Coronaviruses may offer a model: “Most of the inflammatory response in the lungs is not the virus itself but the host response to the virus,” Greene explains. In HIV, he says, “What the inflammation does is ramp up the disease, causing changes in the lungs.”
Given these insights, can we try to reprogram the immune system to block the cellular messages that lead to cell death and inflammation? And in the process, can we block development of various viral diseases? Greene hopes so.

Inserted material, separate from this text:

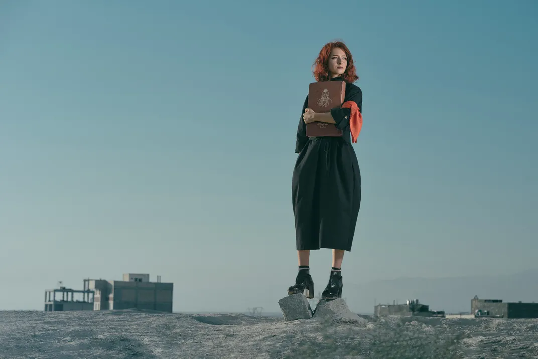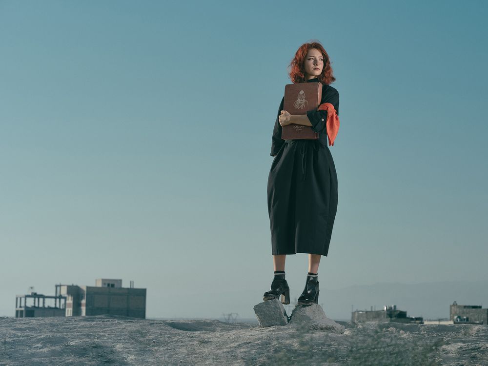 A girl on top of a hill that dominates the city ,with open, orange hair, an orange bracelet on her arm, and a book by the great Iranian mystic and poet Rumi in her hand. This photo dates back to the era after the "Woman Life Freedom" Movement, is a story of the power and current status of Iranian women who have somehow gained control over the city and urban life. They owe this control to the struggle, intelligence, art, and power that they have inherited from the past, myths, and celebrities of Iran. An exemplary courage that has now made them the kings of the city.

Here, nature offers an evolutionary model—more than one. Many studies show that non-human primates infected with simian viruses in the same family as HIV don’t get sick and have only minimal levels of inflammation, even though they have viral loads higher than seen in untreated human AIDS patients. “It’s not an attenuation of the virus; it’s attenuation of some host process that produces the disease,” explains Greene, who says animal studies offer important comparative models for new human remission studies. “I guess if we gave humans another 100,000 to a million years of evolution, we’d get with HIV where many monkeys are with their SIVs,” he sums up. “But we’d like to get there faster.”